How to complete this task - For each line of the listing that holds "Operatör", show the full line.

Data supplied section start

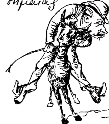
Ὁσὶν λὴν οὐκ ἔστιν ἡ σφραῖσα
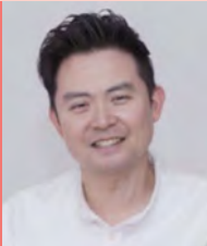
남, 지체장애, 대중음악
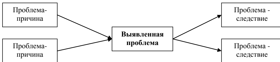
Рис.2.Схема причинно-следственного анализа [5].

От текста рисунок отделяется пропуском строки. Данные в рисунке могут быть представлены шрифтом 10-11 пунктов и одинарным межстрочным интервалом.
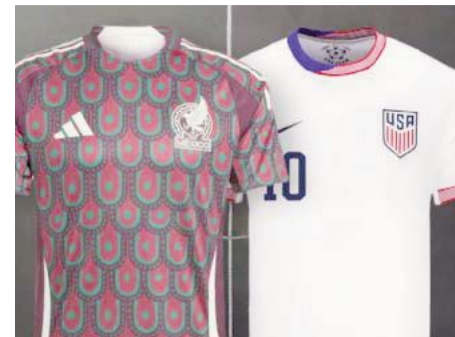
El Clásico de Concacaf, en acción.

Finalmente, Tigres ganó el caso, le pagó 2.5 millones de dólares al jugador francés y así acabó la novela.
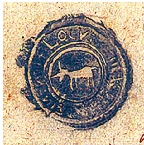
1. Pieczęć miasta Radzyna z XVIII wieku, odcisk w tuszu oraz przez papier; Źródło: APL/ORadzyń, Akta notariusza Franciszka Lubańskiego w Radzynie Podlaskim, sygn. 3, str. 492;

Okres przypadający na koniec wieku XVIII, po Sejmie Czteroletnim, to lata, kiedy legendy pieczęci pisano w języku polskim. W Radzynie wciąż jednak posługiwano się dawną pieczęcią. Pochodzące z 1798 i 1799 r. odciski pieczętnie są tego dowodem.
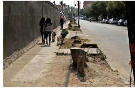
VESTIGIOS. Mientras tanto, en la colonia Irrigación, así lucen los tocones dejados por la construcción de la embajada de EU.
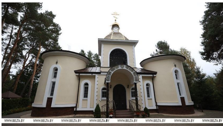
Рисунок 4 – Современный вид Свято-Лавришевского монастыря

Религиозная роль Лавришевского монастыря всегда выходила за рамки функции просто места для богослужений. На протяжении столетий он был духовным центром, культурным скрипторием, при котором действовала библиотека, велась переписка книг, создавались иконы, хранилась церковнославянская письменная традиция, символом преемственности. Даже в эпоху закрытия в советский период (монастырь был упразднен в 1960-х гг.) память о нем сохранялась среди верующих как часть утраченного духовного наследия. Его возрождение в конце XX в. стало одним из знаковых событий в процессе восстановления православной жизни в независимой Беларуси (рисунок 4).
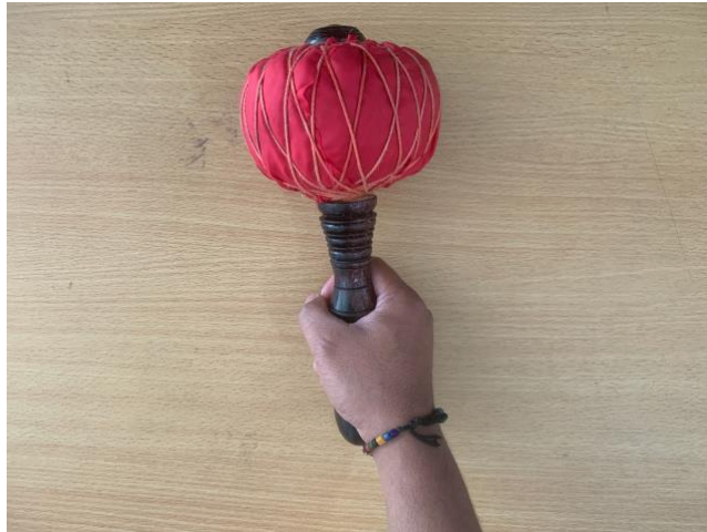
Gambar 11. Teknik memegang tabuh instrumen Kempul
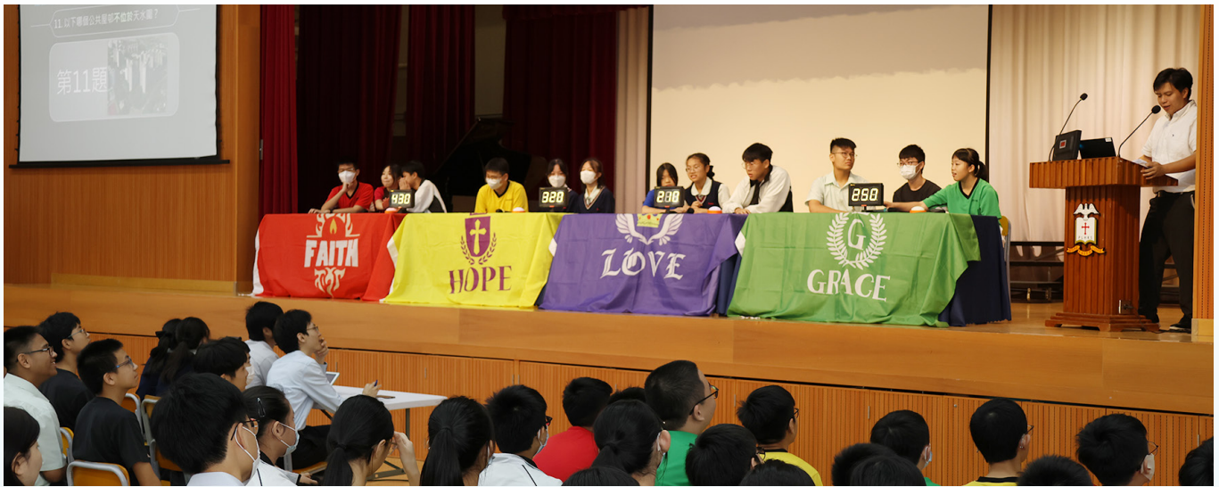
文化問答比賽四社爭持激烈
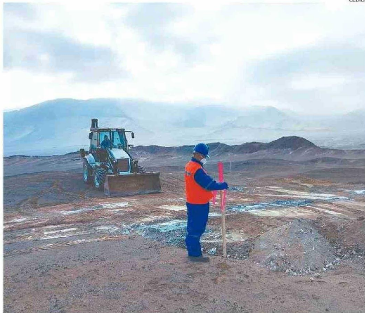
EL INFORME PERICIAL PRESENTADO EN EL JUICIO DESTACÓ LAS OBRAS DE EXPLORACIÓN MINERA EN CALETA BOLFIN.
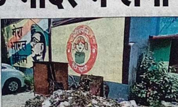
स्कूल के बाहर जमा कूड़े का अंबार

■ स्कूलों में स्थानीय लोगों के विरोध पर मौन है जिला शिक्षा अधिकारी
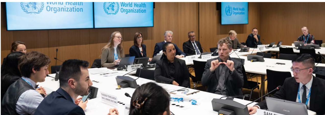
Réunion inaugurale du Conseil de la jeunesse de l'OMS, 27 janvier 2023. L'OMS a accueilli la réunion inaugurale du Conseil de la jeunesse de l'OMS du 27 au 30 janvier 2023 au siège de l'OMS à Genève (Suisse). Le Conseil de la jeunesse de l'OMS est un réseau dynamique visant à amplifier les voix et les expériences des jeunes et à tirer parti de leur expertise, de leur énergie et de leurs idées pour promouvoir la santé publique. Il travaillera avec des jeunes et des organisations de jeunes du monde entier pour créer un mouvement de jeunes en faveur de la santé. Suisse, 2023
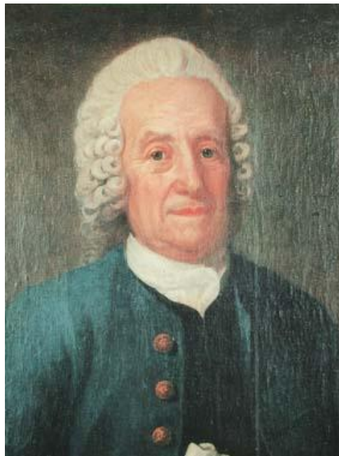
Retrato de Swedenborg a los 80 años (1768) Óleo sobre lienzo de Fredrik Bränder (Nordiska Museet, Estocolmo)
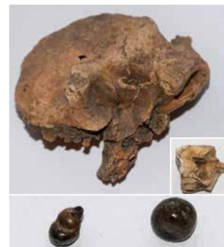
Skolbarn på arkeologiskolan i Uppåkra gjorde i höstas egna spännande fynd som anknyter till platsens historia, bl a ett skalltak och en tand från människor samt en "smälta" som kan härröra från glasproduktion.
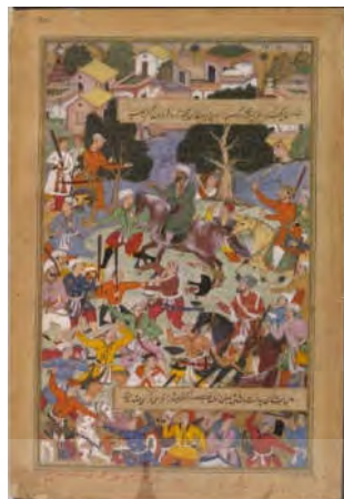
شکل ۶ منیم خان، اکبرنامه، موزه ویکتوریا و آلبرت، ۱۵۹۵-۱۵۹۰

منبع: ( https://collections.vam.ac.uk/item/O9733/munim-khan-painting-jagan/ )
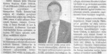
Operatör yetiştirme kursu kapsamında düzenlenen eğitimde, katılımcılara sertifikaları verildi.

M AKİNE Mühendisleri Odası Samsun Şubesi ve Makineci Kurumları Operatör Yetiştirme Kursu'nun devam ediyor. 383 kişiye operatör sertifikası verildi. Eğitimde, operatörlerin işyerilerinde güvenli ve verimli çalışmalarını sağlamak amacıyla eğitimler verildi.
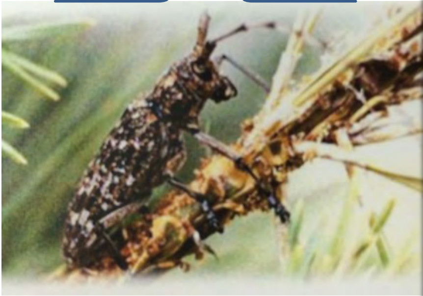
写真(上)は松枯れの原因ともなるカミキリムシと薬剤散布の様子(下)

Data supplied section end

Reply -
Operatör yetiştirme kursu kapsamında düzenlenen eğitimde, katılımcılara sertifikaları verildi.
M AKİNE Mühendisleri Odası Samsun Şubesi ve Makineci Kurumları Operatör Yetiştirme Kursu'nun devam ediyor. 383 kişiye operatör sertifikası verildi. Eğitimde, operatörlerin işyerilerinde güvenli ve verimli çalışmalarını sağlamak amacıyla eğitimler verildi.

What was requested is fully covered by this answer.